= Rancho Potrero de los Cerritos =

Mexican land grant in California

Rancho Potrero de los Cerritos was a 10610 acre Mexican land grant in present day Alameda County, California given in 1844 by Governor Manuel Micheltorena to Augustin Alviso and Tomás Pacheco. The name means "pasture of the little hills" and included the Coyote Hills. The three square league grant, part of former Mission San José lands, encompassed present day Alvarado.

==History==
Augustin Alviso (1809-1880), son of Josè Ygnacio Alviso, married Maria Josefa Antonia Pacheco (1812-1870) in 1830. Maria Pacheco was the daughter of Bartolome Pacheco, grantee of Rancho San Ramon. Her sister, Maria Antonia de Jesus Pacheco (1796-1852) married in 1816 Augustin Alviso's brother, Josef Antonio Alviso (1796-1880). Augustin Alviso was mayor domo of Mission San José in 1840. In 1853, Augustin Alviso bought Rancho Santa Rita. Tomás Pacheco was a soldier of the San Francisco Company from 1826 to 1832, and later held various offices in the Pueblo of San José from 1834 to 1843.

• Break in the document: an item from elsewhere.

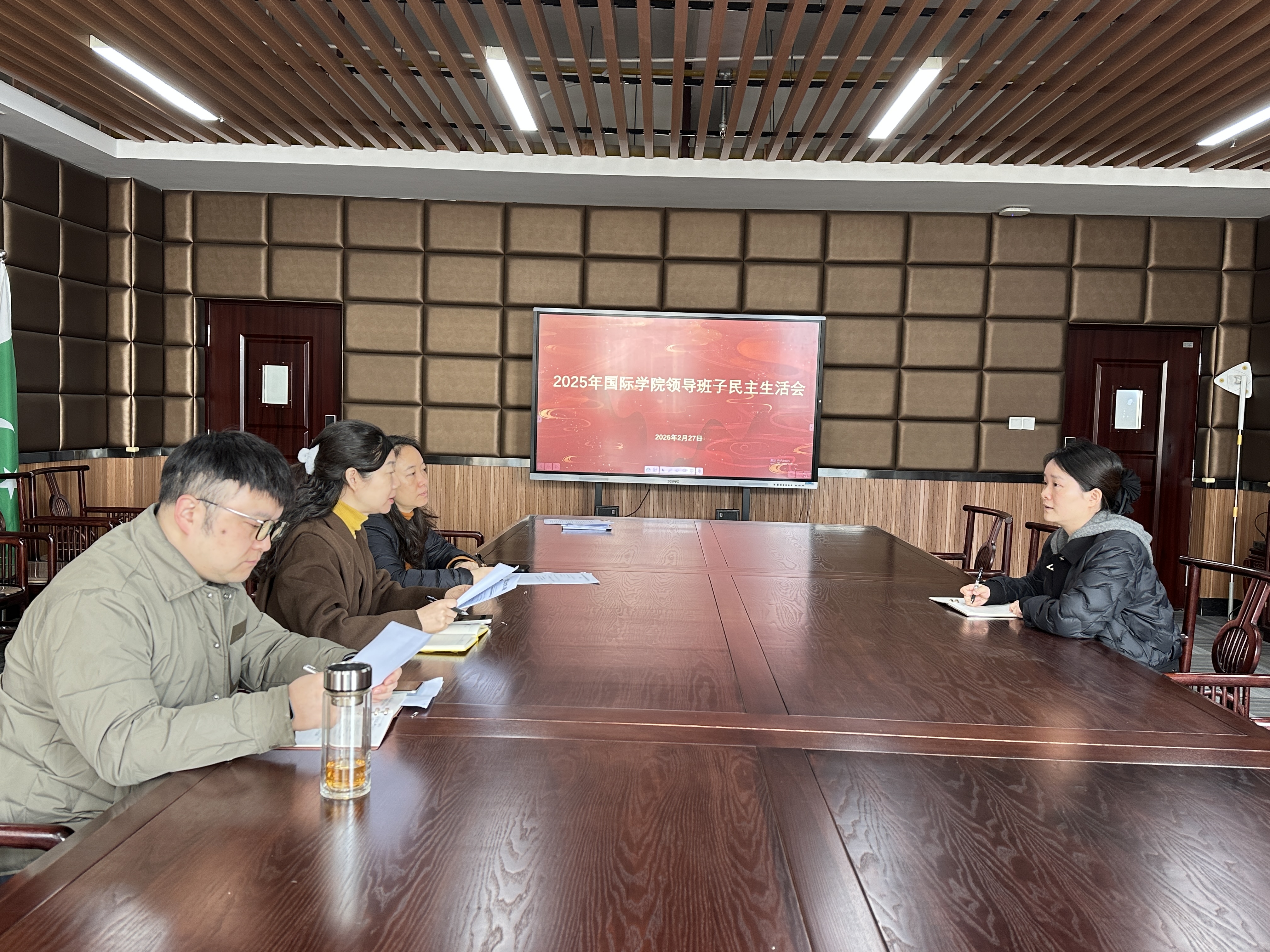 2月27日下午,国际学院2025年度领导班子民主生活会在第一会议室召开。院长、党支部书记杨霞主持会议,副院长龙曼莉、吴题参加会议。本次民主生活会紧扣主题,坚持问题导向,认真开展对照检查和批评与自我批评,达到了统一思想、增进团结、改进工作的预期效果。

With the cession of California to the United States following the Mexican-American War, the 1848 Treaty of Guadalupe Hidalgo provided that the land grants would be honored. As required by the Land Act of 1851, a claim for Rancho Potrero de los Cerritos was filed with the Public Land Commission in 1852, and the grant was patented to Tomás Pacheco and Agustín Alviso in 1886.

After the California Gold Rush, the rancho lands were sold to American ranchers, such as George Patterson, John M. Horner, and Henry C. Smith (who laid out the town of New Haven).